→ Work to complete:
When the data below is printed, every line must match exactly and the images must be absent.

→ Input:
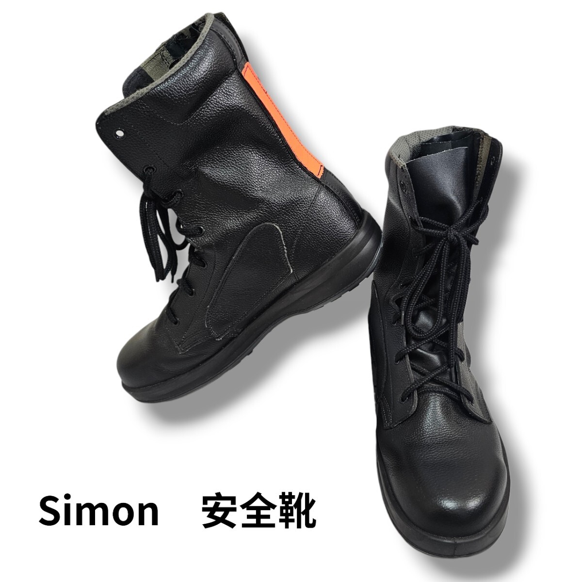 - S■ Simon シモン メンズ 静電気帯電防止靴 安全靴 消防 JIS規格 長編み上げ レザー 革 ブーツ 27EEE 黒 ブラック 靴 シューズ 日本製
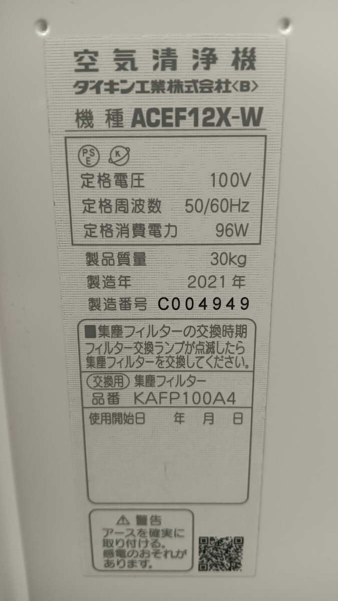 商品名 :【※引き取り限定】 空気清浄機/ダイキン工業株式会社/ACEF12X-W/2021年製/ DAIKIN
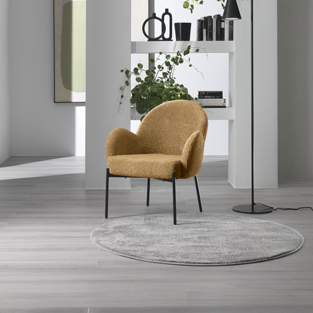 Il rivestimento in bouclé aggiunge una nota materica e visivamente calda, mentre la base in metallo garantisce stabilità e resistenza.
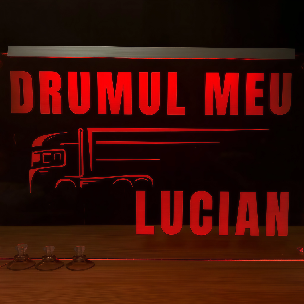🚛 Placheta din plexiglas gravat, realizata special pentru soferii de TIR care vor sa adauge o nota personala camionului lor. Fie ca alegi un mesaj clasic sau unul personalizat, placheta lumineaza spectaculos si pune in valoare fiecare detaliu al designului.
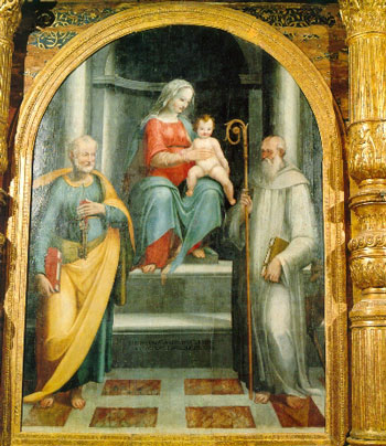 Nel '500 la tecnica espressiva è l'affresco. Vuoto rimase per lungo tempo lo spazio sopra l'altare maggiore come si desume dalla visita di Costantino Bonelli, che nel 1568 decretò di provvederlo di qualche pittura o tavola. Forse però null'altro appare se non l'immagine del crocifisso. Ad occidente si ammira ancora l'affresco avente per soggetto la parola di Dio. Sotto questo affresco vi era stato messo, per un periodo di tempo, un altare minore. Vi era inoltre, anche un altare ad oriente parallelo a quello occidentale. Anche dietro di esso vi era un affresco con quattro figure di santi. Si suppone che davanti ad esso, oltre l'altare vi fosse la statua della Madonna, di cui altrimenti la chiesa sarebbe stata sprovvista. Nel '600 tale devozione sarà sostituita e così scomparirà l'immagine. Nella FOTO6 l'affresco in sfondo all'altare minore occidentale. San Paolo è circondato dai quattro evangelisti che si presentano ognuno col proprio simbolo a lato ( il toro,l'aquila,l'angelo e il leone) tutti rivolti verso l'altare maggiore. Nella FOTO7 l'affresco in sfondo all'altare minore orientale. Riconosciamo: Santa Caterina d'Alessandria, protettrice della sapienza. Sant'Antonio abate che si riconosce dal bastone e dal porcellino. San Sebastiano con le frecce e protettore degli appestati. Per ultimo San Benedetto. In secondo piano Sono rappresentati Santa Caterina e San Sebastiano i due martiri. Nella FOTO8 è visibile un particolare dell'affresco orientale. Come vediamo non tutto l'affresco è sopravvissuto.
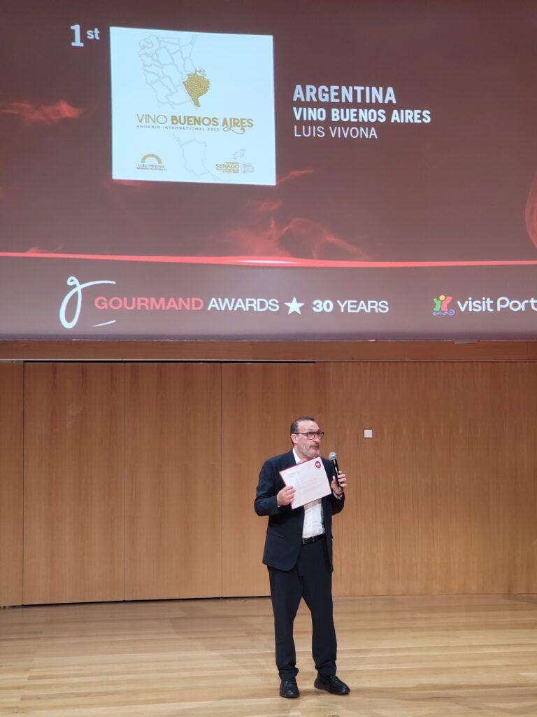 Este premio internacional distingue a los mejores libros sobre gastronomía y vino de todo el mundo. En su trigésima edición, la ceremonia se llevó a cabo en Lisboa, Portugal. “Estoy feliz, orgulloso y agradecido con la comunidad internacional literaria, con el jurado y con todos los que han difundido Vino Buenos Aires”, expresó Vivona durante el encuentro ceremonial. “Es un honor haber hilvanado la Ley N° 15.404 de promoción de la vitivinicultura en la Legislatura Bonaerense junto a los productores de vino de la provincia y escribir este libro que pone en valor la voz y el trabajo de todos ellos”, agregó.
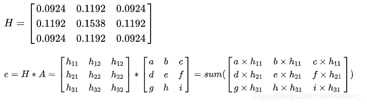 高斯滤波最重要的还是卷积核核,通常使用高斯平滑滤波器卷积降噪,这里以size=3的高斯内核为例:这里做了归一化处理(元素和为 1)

→ Result:
 - S■ Simon シモン メンズ 静電気帯電防止靴 安全靴 消防 JIS規格 長編み上げ レザー 革 ブーツ 27EEE 黒 ブラック 靴 シューズ 日本製
 商品名 :【※引き取り限定】 空気清浄機/ダイキン工業株式会社/ACEF12X-W/2021年製/ DAIKIN
 Il rivestimento in bouclé aggiunge una nota materica e visivamente calda, mentre la base in metallo garantisce stabilità e resistenza.
🚛 Placheta din plexiglas gravat, realizata special pentru soferii de TIR care vor sa adauge o nota personala camionului lor. Fie ca alegi un mesaj clasic sau unul personalizat, placheta lumineaza spectaculos si pune in valoare fiecare detaliu al designului.
 Nel '500 la tecnica espressiva è l'affresco. Vuoto rimase per lungo tempo lo spazio sopra l'altare maggiore come si desume dalla visita di Costantino Bonelli, che nel 1568 decretò di provvederlo di qualche pittura o tavola. Forse però null'altro appare se non l'immagine del crocifisso. Ad occidente si ammira ancora l'affresco avente per soggetto la parola di Dio. Sotto questo affresco vi era stato messo, per un periodo di tempo, un altare minore. Vi era inoltre, anche un altare ad oriente parallelo a quello occidentale. Anche dietro di esso vi era un affresco con quattro figure di santi. Si suppone che davanti ad esso, oltre l'altare vi fosse la statua della Madonna, di cui altrimenti la chiesa sarebbe stata sprovvista. Nel '600 tale devozione sarà sostituita e così scomparirà l'immagine. Nella FOTO6 l'affresco in sfondo all'altare minore occidentale. San Paolo è circondato dai quattro evangelisti che si presentano ognuno col proprio simbolo a lato ( il toro,l'aquila,l'angelo e il leone) tutti rivolti verso l'altare maggiore. Nella FOTO7 l'affresco in sfondo all'altare minore orientale. Riconosciamo: Santa Caterina d'Alessandria, protettrice della sapienza. Sant'Antonio abate che si riconosce dal bastone e dal porcellino. San Sebastiano con le frecce e protettore degli appestati. Per ultimo San Benedetto. In secondo piano Sono rappresentati Santa Caterina e San Sebastiano i due martiri. Nella FOTO8 è visibile un particolare dell'affresco orientale. Come vediamo non tutto l'affresco è sopravvissuto.
 Este premio internacional distingue a los mejores libros sobre gastronomía y vino de todo el mundo. En su trigésima edición, la ceremonia se llevó a cabo en Lisboa, Portugal. “Estoy feliz, orgulloso y agradecido con la comunidad internacional literaria, con el jurado y con todos los que han difundido Vino Buenos Aires”, expresó Vivona durante el encuentro ceremonial. “Es un honor haber hilvanado la Ley N° 15.404 de promoción de la vitivinicultura en la Legislatura Bonaerense junto a los productores de vino de la provincia y escribir este libro que pone en valor la voz y el trabajo de todos ellos”, agregó.
 高斯滤波最重要的还是卷积核核,通常使用高斯平滑滤波器卷积降噪,这里以size=3的高斯内核为例:这里做了归一化处理(元素和为 1)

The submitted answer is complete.